Gangs Abound within Los Angeles Sheriff’s Department

The Los Angeles Police Department is one of the most respected police departments in America and one of the largest to boot. When comparing it to the Los Angeles Sheriff’s Department, LAPD obviously gets more attention Tyler Durden of ZeroHedge noted that the LA Sheriff’s Department is no joke, “it’s responsible for policing 153 unincorporated communities and 42 cities across a sizable patch of southern LA County” – but it doesn’t get nearly as much attention as its neighboring agency, the LAPD, which patrols the City of Los Angeles.”

Due to the LA Sheriff’s Department’s less conspicuous profile, criminals have taken advantage of this situation to infiltrate this law enforcement body and establish gang-style fraternities within the organization. These groups are referred to as “secret cliques” or “subgroups”, but Durden noted, “they’re just gangs” if we’re being brutally honest.

According to the RAND Corporation, the county government has identified four gangs with the names “the Banditos” and “the Executioners.”

The public policy think tank contends that of the roughly 10,000 individuals in the force, about ⅙ could be members of the aforementioned gangs. Though these figures could be a conservative estimate.

Trending: Ron DeSantis’ Law Banning Criticism of Israel Has Huge First Amendment Implications

As Durden observed, the “subgroups” have “pervasive initiation rituals, tattoos, hand signs”. Part of these gangs’ initiation rituals usually involves them assaulting people who are in custody. Since 1990, the country has been compelled to pay about $55 million in “subgroup related judgments”, which includes $21 million in the past decade alone. The gang activity has been so prevalent that it has required LSPD leadership to use internal discipline. 

According to a law enforcement source, these sub-entities are pretty much criminal gangs when one soberly analyzes their behavior..

“I can’t say whether the Regulators or Vikings or Banditos are a criminal street gang, but they’re close to it,” said the law enforcement source who identified himself as a “county stakeholder representative.” The source added: “The reason you can’t answer that is that it’s never been investigated…The culture is so pervasive within the department. There are many people who are in places of management that may have been part of the same cliques, or precursors of them.”

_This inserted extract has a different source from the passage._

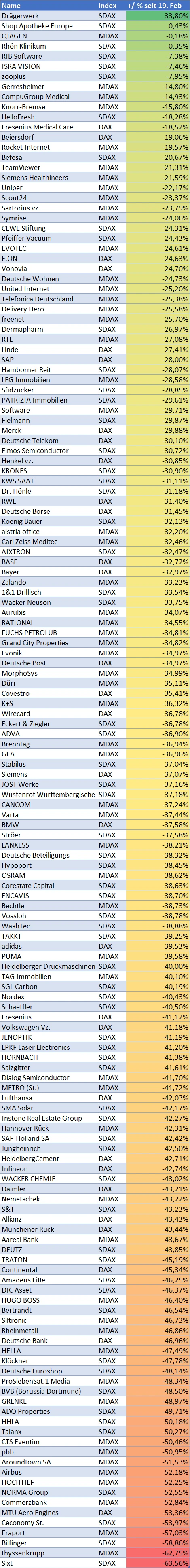 Der vollständigen Liste des HDAX & SDAX können Sie die Ergebnisse Ihrer Depotwerte seit dem 19. Februar entnehmen:

Other sources claim that gangs pose threats to other deputies.

Members of the Banditos have tense relations with co-workers who don’t belong to the gang.

The report details “alleged workplace harassment, incivility, intimidation, and retaliation, leading to ‘brawls in the parking lot.'”

Furthermore, the RAND report asserts that Banditos have committed violent acts against inmates in LASD custody as an initiation ritual. Deputies who want to join the gang must use “unnecessary force” before they can be branded with the gang’s tattoo — a skeleton donning a Sombrero while holding a revolver.

Most of the time, supervisors come to their deputies’s defense when dealing with use of force allegations. Sheriff Villanueva has claimed to have cleaned up the department, but the RAND report says otherwise.

With increased immigration to the U.S., it’s very conceivable that LASD and LAPD could witness ethnic gangs grow within their ranks. A more diverse populace provides a steady pipeline of potential gang members that could be incorporated in these law enforcement bodies’ ranks.

These are the many perils of diversity. It’s often forgotten that the Italian mafia was largely weakened thanks to the immigration moratorium legislation of the 1920s, which deprived them of many potential recruits. In time, many Italian Americans grew up, assimilated, and left their migrant ghettos. But with a constant stream of migration, ethnic gangs will always have fresh bodies to recruit from. 

LA’s current problem with gang activity within law enforcement bodies is just another reason why an immigration moratorium is long overdue in the U.S.